The original mortal gods. What we don’t know, what we can’t manage, are the prophecies that inform our political/social consensus.
Speaking of… What is the Nyquist Rate for sampling time?
Then there’s the scientist, the caveman. It’s true, with the caveat that “it” is constrained to a thirty-year frame of reference.

July 24, 2017 10:00 am

It’s not April 1st is it?

Gamecock
July 24, 2017 10:42 am

Okay, Chief. It’s the old Platyhelminthes in the estuary trick.

Stosh
July 24, 2017 11:43 am

Can we blame the Italians that were driving SUVs during the Holocene Epoch (that began 11,700 years ago)?

July 24, 2017 1:48 pm

We need a site called “Headline Hunters” where all these folks can post and get rated. 😉

TOP
July 24, 2017 4:41 pm

Little context as to why the sea level rose periodically, by how much, why that caused the rise in parasites, what other mechanisms might have been present and how the infection of clams might relate to human infection in order to justify the conclusion it may be harmful to children and grand children and whether locally or globally.

RoHa
July 24, 2017 6:32 pm

So we are doomed, after all. That’s a relief.

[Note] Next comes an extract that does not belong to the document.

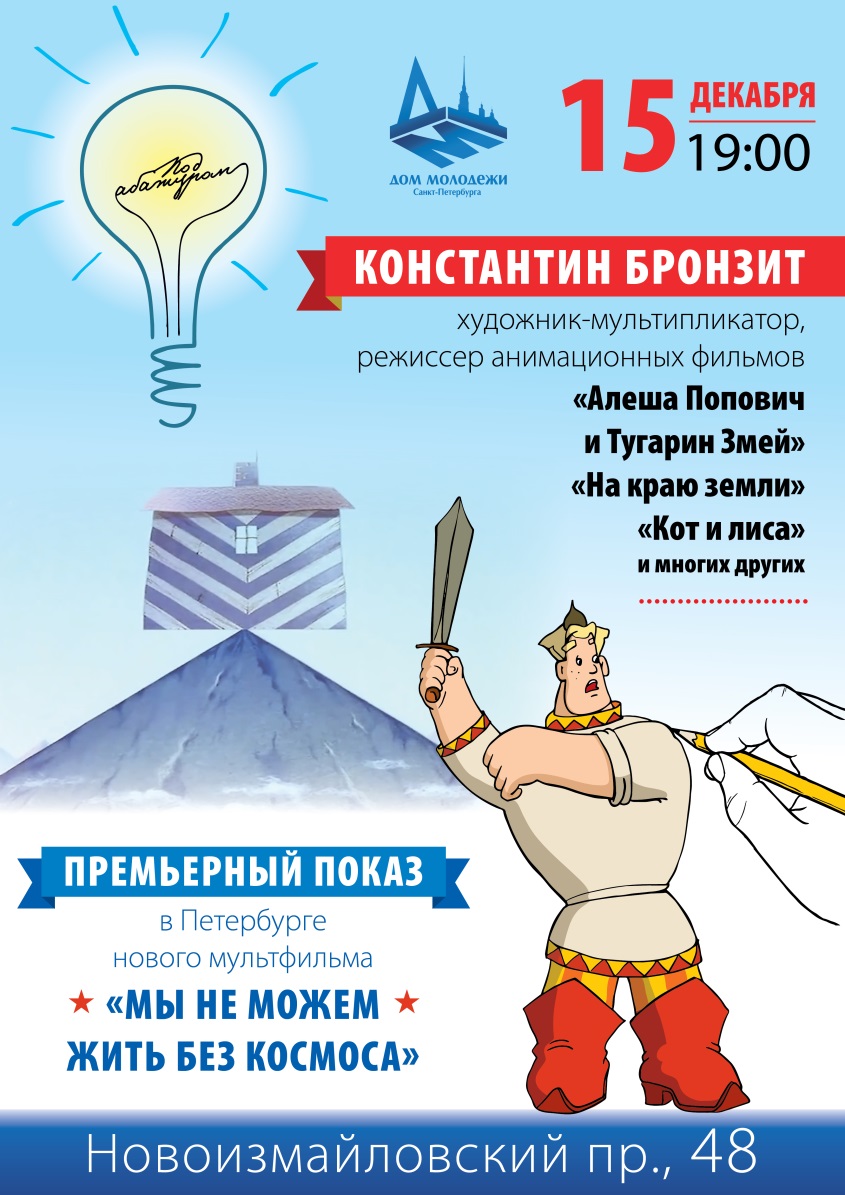 15 декабря 2014 года в Доме молодежи Санкт-Петербурга по адресу: Новоизмайловский пр., 48 состоялась встреча с художником-аниматором Константином Бронзитом и премьерный показ его мультфильма «Мы не можем жить без космоса». В мероприятии приняли участие студенты группы 9КС-11 под руководством педагога-воспитателя Феоктистовой А.Ю.

There’s been too much good news lately.

Dario from Turin
July 25, 2017 12:52 am

IMHO (well, not so “honest”, after all, being a geologist…), a location near a big river delta on the coast of Northern Adriatic Sea is not good to measure “sea level rise”… all that coast is experiencing a 1 mm/year mean rate of SUBSIDENCE due to compaction of sediments…

MarkW
July 25, 2017 6:35 am

Let me see if I have this straight. When their are drastic increases in water flow through estuaries, the stressed water critters that live in those estuaries, have more trouble with parasites.